### Exercise inputs
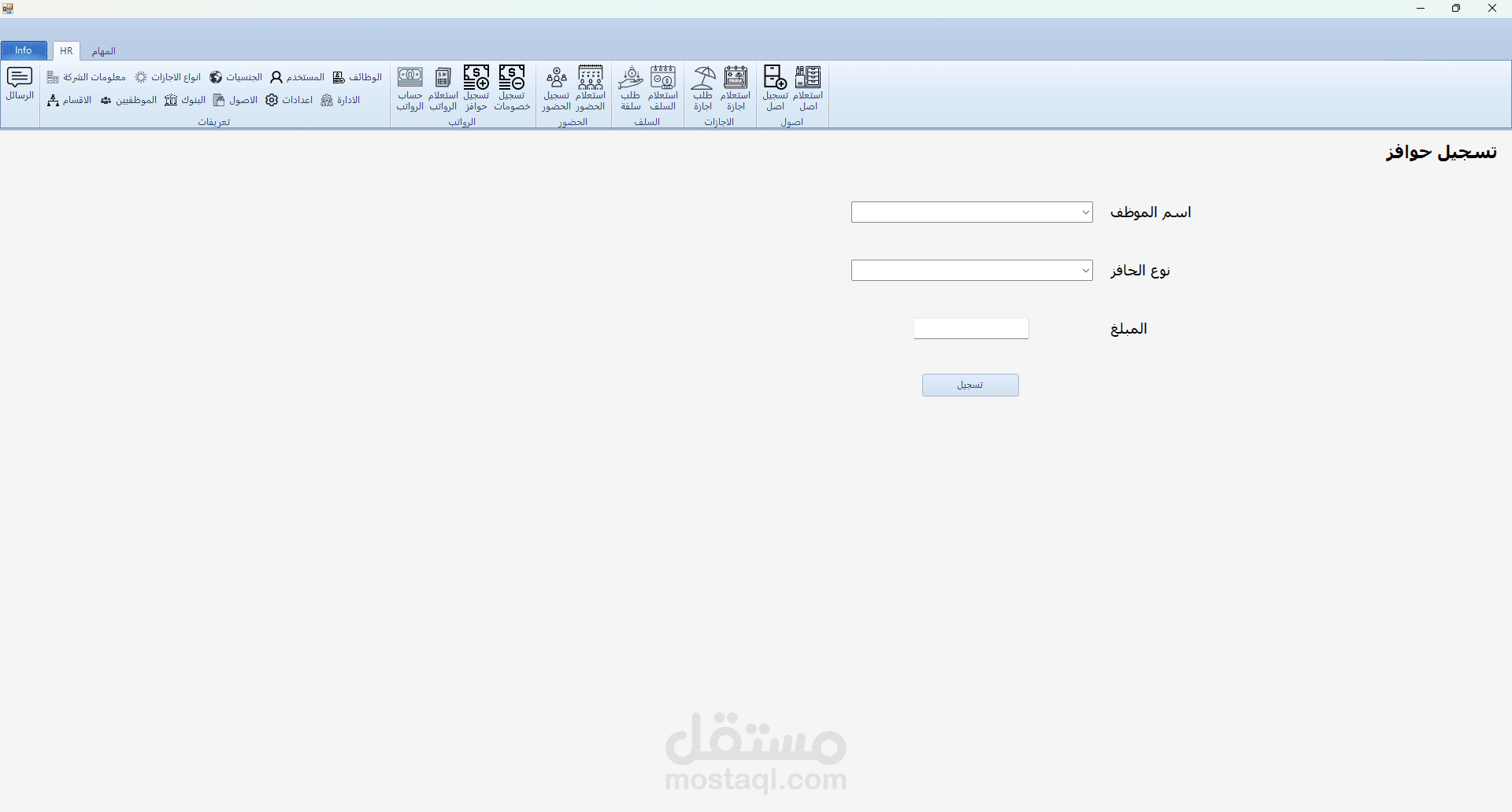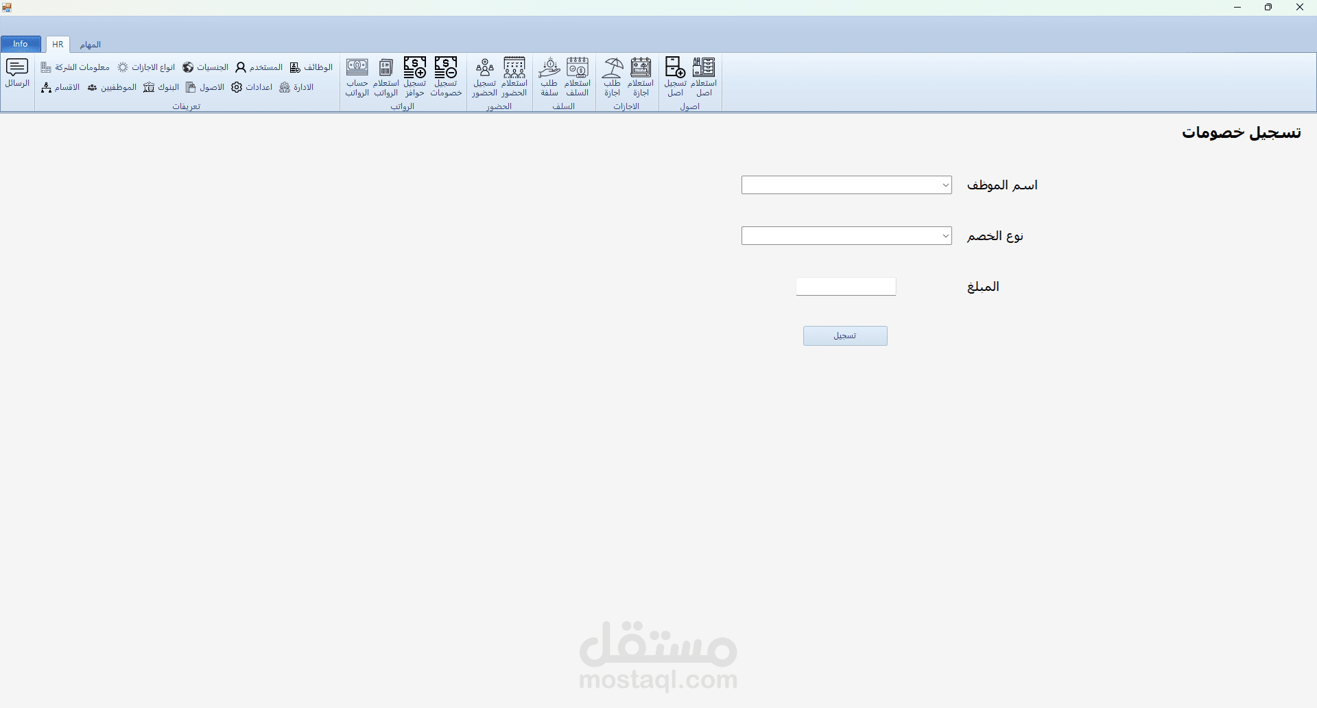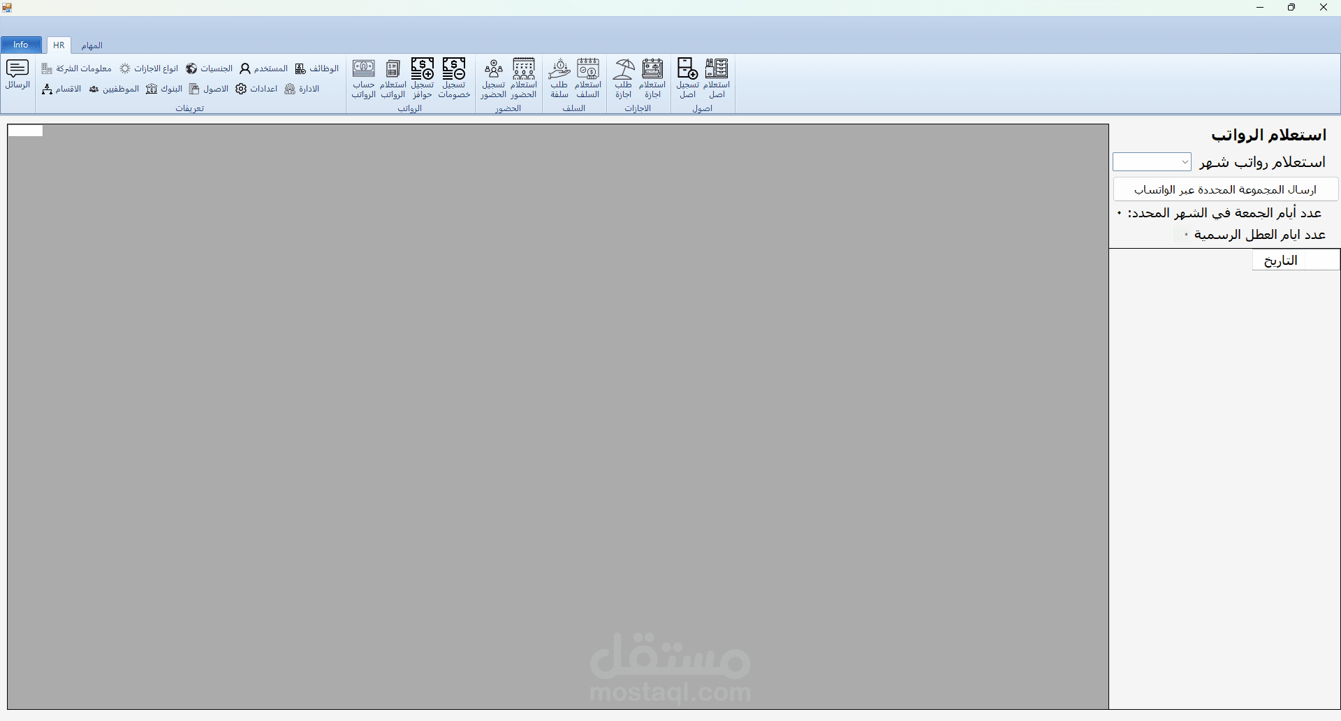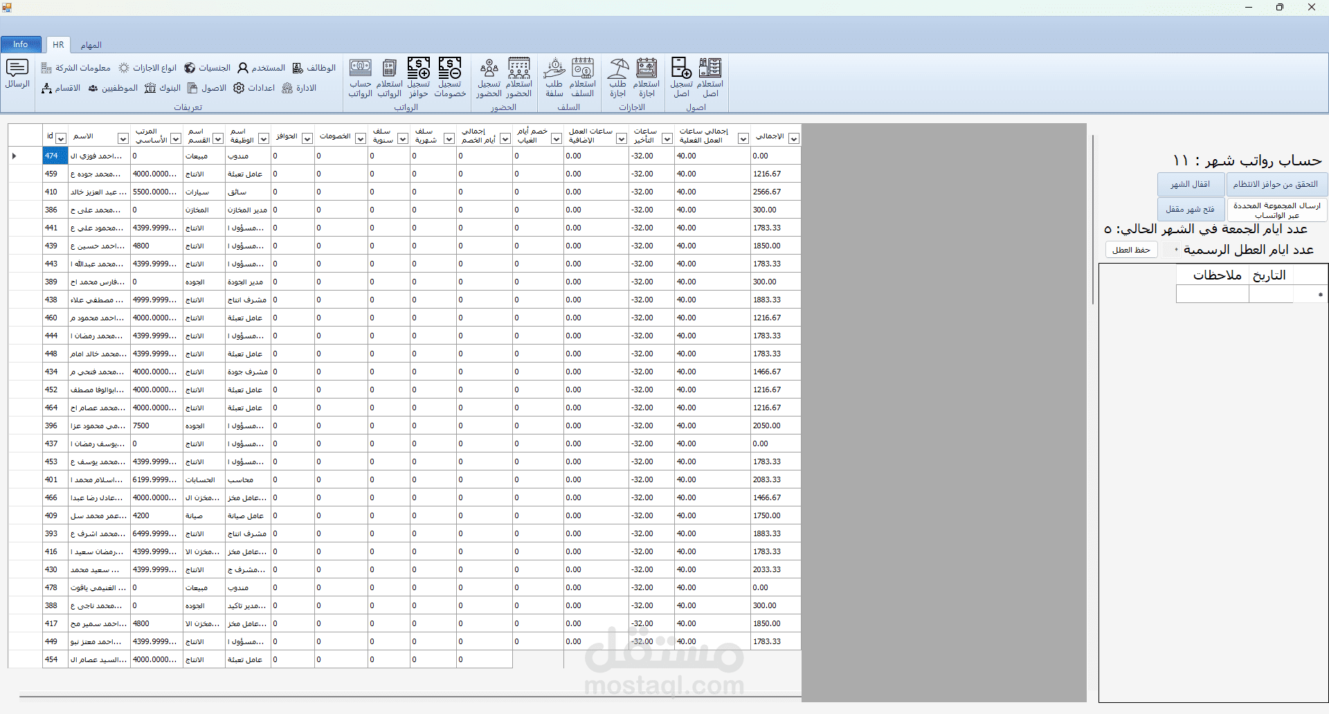 برنامج HR هو برنامج تم تطويره بلغة C# مع الربط بقاعدة بيانات من نوع sql server و لقد قمت بأنشائه لكي يقوم حساب الحضور و الانصراف و تسجيل السلف و الاجازات و علي هذا يقوم البرنامج بحساب مرتبات الموظفين و يقوم بعرض بيانات جميع الموظفين و يقوم ايضا بتسجيل ما تم اخذه من الشركه ك عهدة (اصل) علس سبيل المشال في حالة تم اعطاء الشركة احد الموظفين جهاز لابتوب تقوم الشركة بتسجيل هذا في البرنامج و تقوم بطباعته كما هو موضح في الصور و يقوم الموظف المسؤول بالتوقيع علي هذه الورقة و ايضا في حالة كانت احد الموظفين يرد ان يأخذ اجازة يقوم بفتح البرنامج و التقديم علي طلب اجازة و في هذه الحالة يقوم البرنامج بأضافتها الي الاجازات لكن لا يتم اعتماد هذه الاجازة الي في حالة موافقة المسؤولون و في حالة تمت الموافقة يقوم البرنامج بخصمها من المرتب
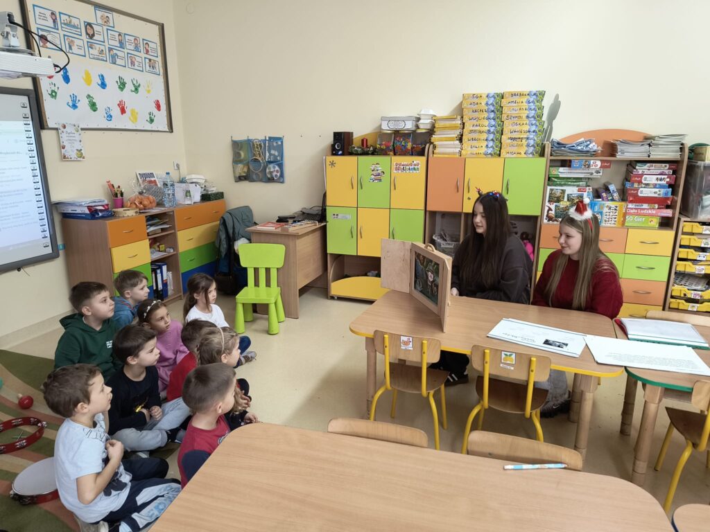 Ponieważ „Praktyk” mieści się w tym samym budynku co szkoła podstawowa, w okresie przedświątecznym szczególną uwagę poświęcamy również najmłodszym uczniom. W ramach działań integracyjnych odwiedzamy oddziały zerowe oraz świetlice, gdzie nasi uczniowie prezentują świąteczne opowieści w formie teatrzyku Kamishibai.
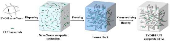 As illustrated in Figure 1, the fabrication process of EVOH/PANI composite NFAs included three main steps: the dispersion of EVOH nanofibers and PANI nanorods, freeze drying and heating. The EVOH nanofibers and PANI nanorods were first homogenized in a mixed solution to form uniform composite suspensions. The obtained suspensions were then frozen in a cryogenic refrigerator and dried into uncrosslinked EVOH/PANI composite NFAs with good formability. Finally, EVOH/PANI composite NFAs were generated by heat treatment. The sample names of composite NFAs and the corresponding addition amounts of EVOH and PANI are shown in Table 1.
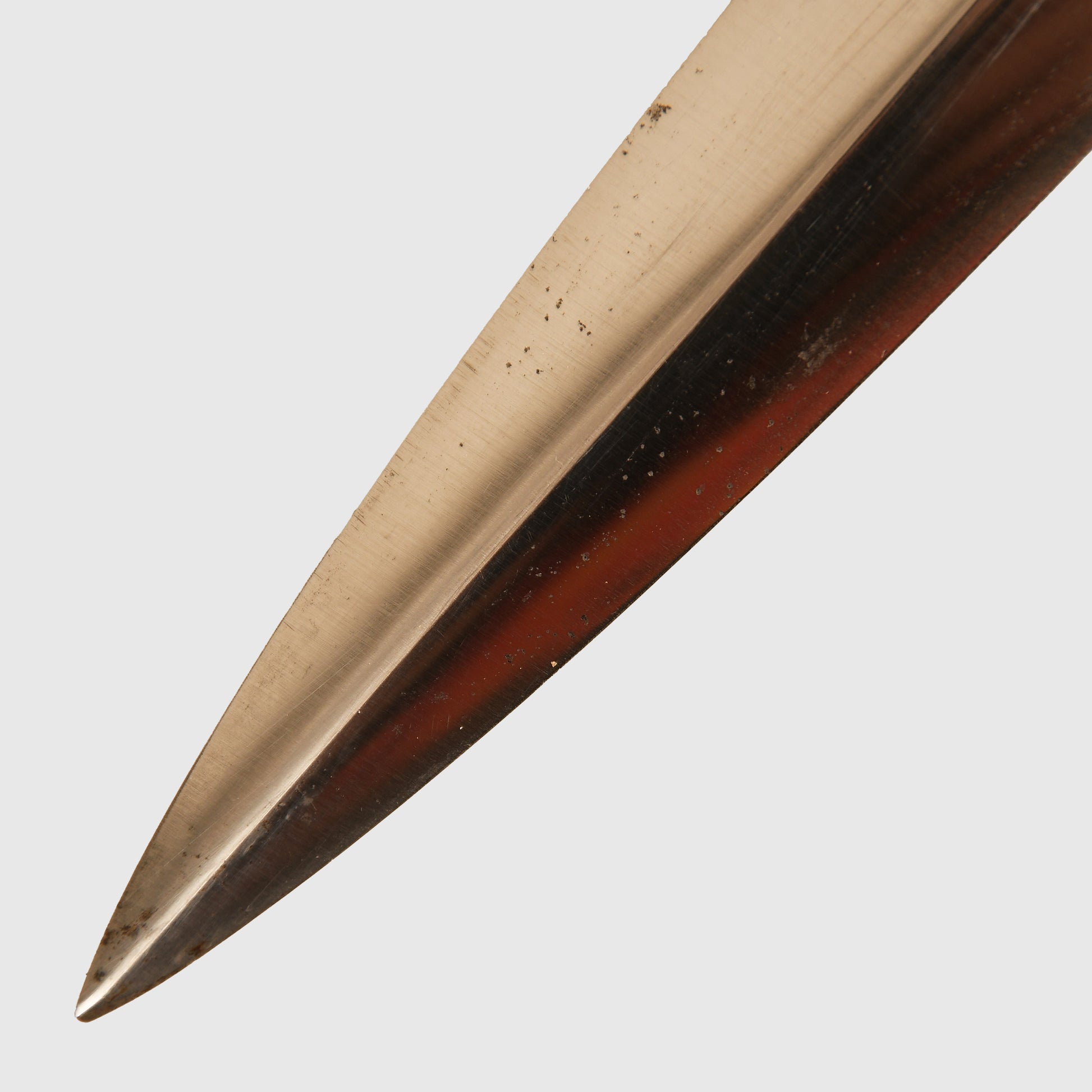 The cross guard and upper pommel, often prone to corrosion, are in superb condition, with only two minor areas of plating lift on the back edge of the upper pommel. The grip is excellent, showing just one small mark midway down the front face.
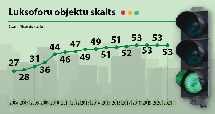 Tāpat luksofori pilsētā ir modernizēti un aprīkoti ar LED lēcām, attālināto vadību, un tas ļauj samazināt luksoforu gaismas spilgtumu nakts laikā.

### What to produce
Your answer should be the lines from the first record down to the line containing "formie teatrzyku Kamishibai.", restated exactly, with no pictures.

### Answer space
 برنامج HR هو برنامج تم تطويره بلغة C# مع الربط بقاعدة بيانات من نوع sql server و لقد قمت بأنشائه لكي يقوم حساب الحضور و الانصراف و تسجيل السلف و الاجازات و علي هذا يقوم البرنامج بحساب مرتبات الموظفين و يقوم بعرض بيانات جميع الموظفين و يقوم ايضا بتسجيل ما تم اخذه من الشركه ك عهدة (اصل) علس سبيل المشال في حالة تم اعطاء الشركة احد الموظفين جهاز لابتوب تقوم الشركة بتسجيل هذا في البرنامج و تقوم بطباعته كما هو موضح في الصور و يقوم الموظف المسؤول بالتوقيع علي هذه الورقة و ايضا في حالة كانت احد الموظفين يرد ان يأخذ اجازة يقوم بفتح البرنامج و التقديم علي طلب اجازة و في هذه الحالة يقوم البرنامج بأضافتها الي الاجازات لكن لا يتم اعتماد هذه الاجازة الي في حالة موافقة المسؤولون و في حالة تمت الموافقة يقوم البرنامج بخصمها من المرتب
 Ponieważ „Praktyk” mieści się w tym samym budynku co szkoła podstawowa, w okresie przedświątecznym szczególną uwagę poświęcamy również najmłodszym uczniom. W ramach działań integracyjnych odwiedzamy oddziały zerowe oraz świetlice, gdzie nasi uczniowie prezentują świąteczne opowieści w formie teatrzyku Kamishibai.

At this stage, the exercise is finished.